▶ Collected data:
**********

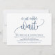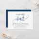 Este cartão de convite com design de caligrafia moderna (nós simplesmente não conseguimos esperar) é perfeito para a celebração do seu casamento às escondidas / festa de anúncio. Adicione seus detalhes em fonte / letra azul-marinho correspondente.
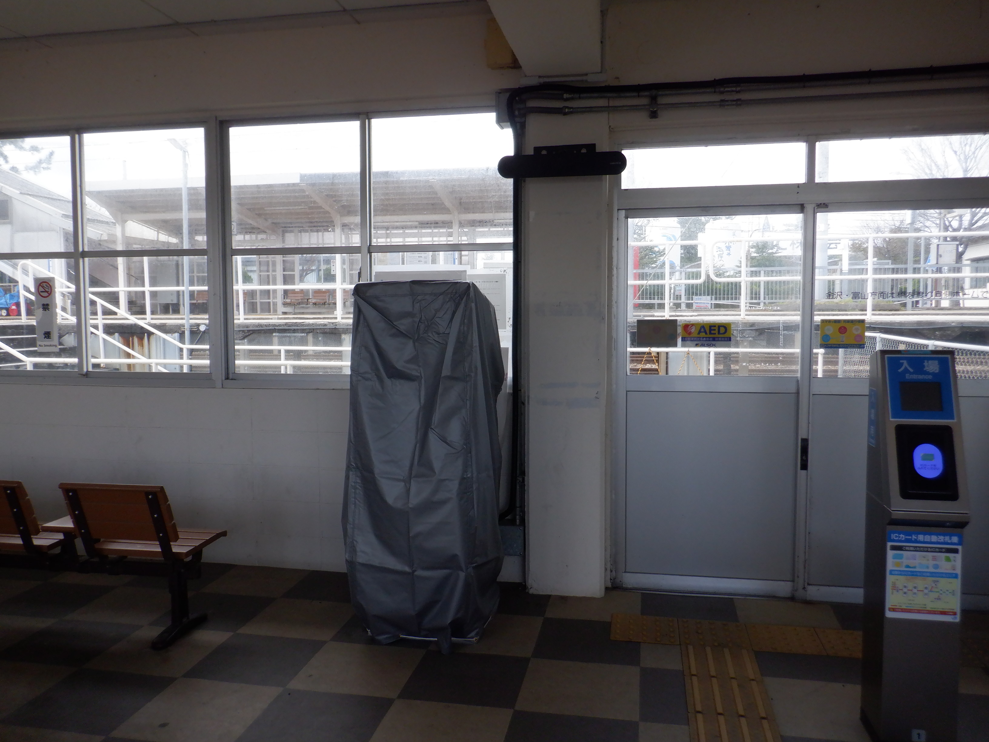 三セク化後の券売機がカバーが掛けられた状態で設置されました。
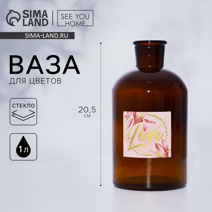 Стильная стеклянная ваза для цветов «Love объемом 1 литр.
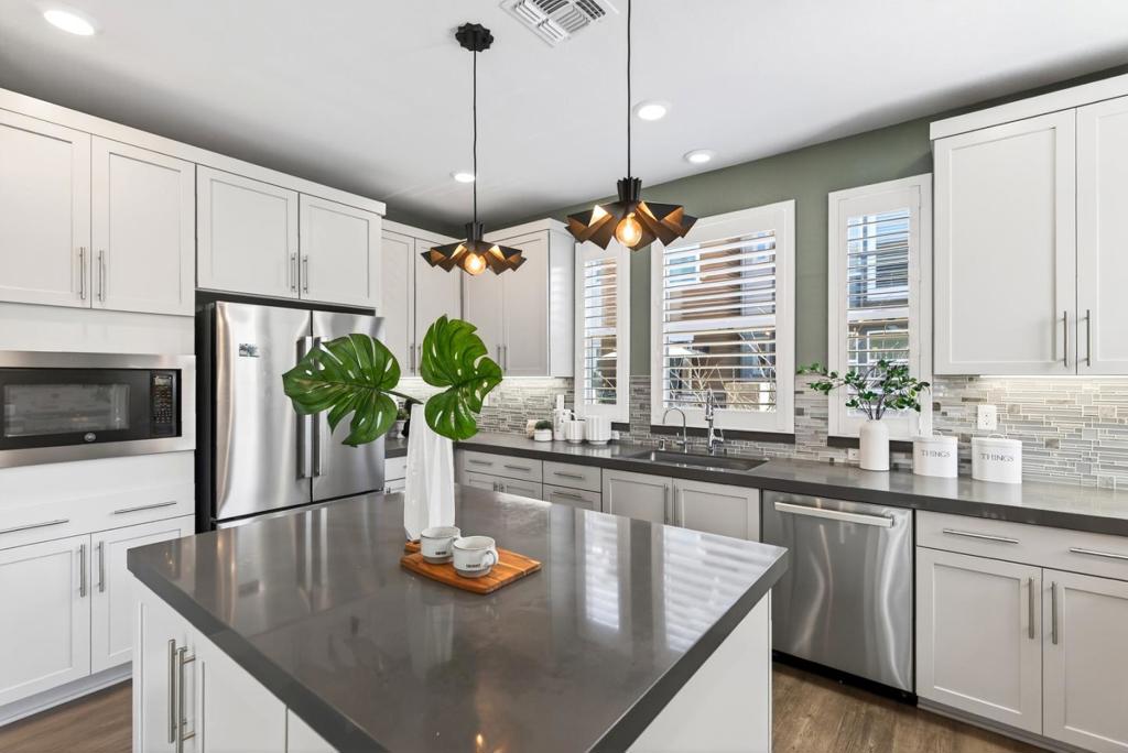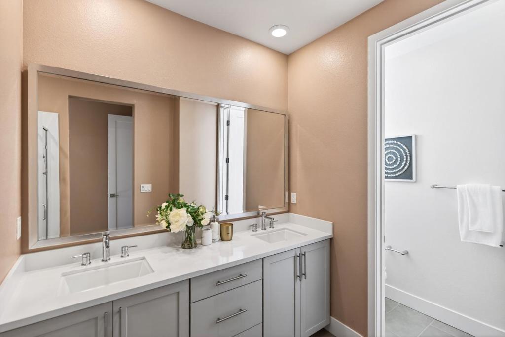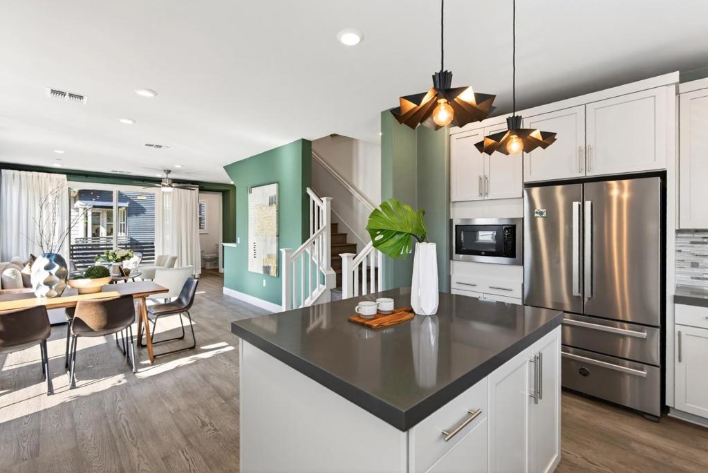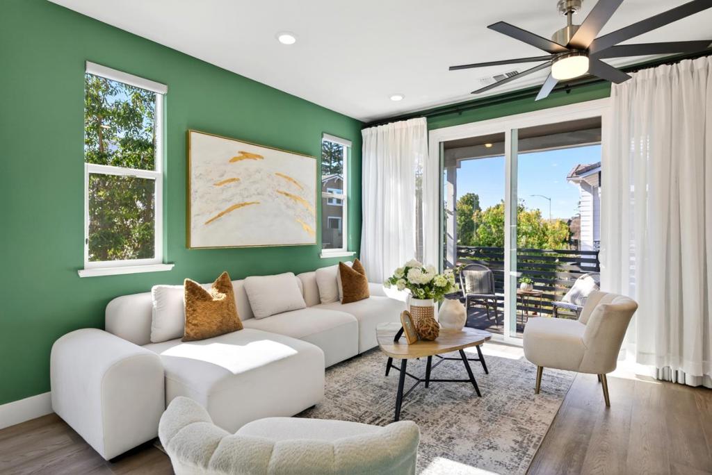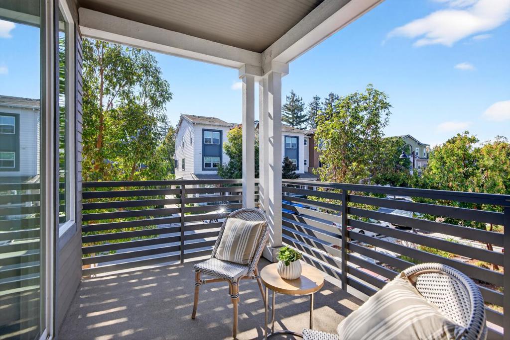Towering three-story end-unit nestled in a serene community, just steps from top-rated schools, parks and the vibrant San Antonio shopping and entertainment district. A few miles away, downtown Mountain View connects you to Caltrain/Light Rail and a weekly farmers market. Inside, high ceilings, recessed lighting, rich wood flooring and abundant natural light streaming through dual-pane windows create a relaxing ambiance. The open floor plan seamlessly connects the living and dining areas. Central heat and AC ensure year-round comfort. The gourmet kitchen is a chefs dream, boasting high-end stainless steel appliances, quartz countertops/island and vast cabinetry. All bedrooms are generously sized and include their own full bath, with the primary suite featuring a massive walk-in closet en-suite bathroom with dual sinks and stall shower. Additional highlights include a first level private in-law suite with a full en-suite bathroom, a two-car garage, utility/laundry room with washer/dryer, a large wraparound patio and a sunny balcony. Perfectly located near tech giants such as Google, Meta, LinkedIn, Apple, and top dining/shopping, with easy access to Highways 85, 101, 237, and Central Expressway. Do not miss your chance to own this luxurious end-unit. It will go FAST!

**********

▶ Work item:
Each line from the first line of the listing above through the line containing "Стильная стеклянная ваза" is to be written out exactly, and the pictures are to be left out.

▶ Reply:
 Este cartão de convite com design de caligrafia moderna (nós simplesmente não conseguimos esperar) é perfeito para a celebração do seu casamento às escondidas / festa de anúncio. Adicione seus detalhes em fonte / letra azul-marinho correspondente.
 三セク化後の券売機がカバーが掛けられた状態で設置されました。
 Стильная стеклянная ваза для цветов «Love объемом 1 литр.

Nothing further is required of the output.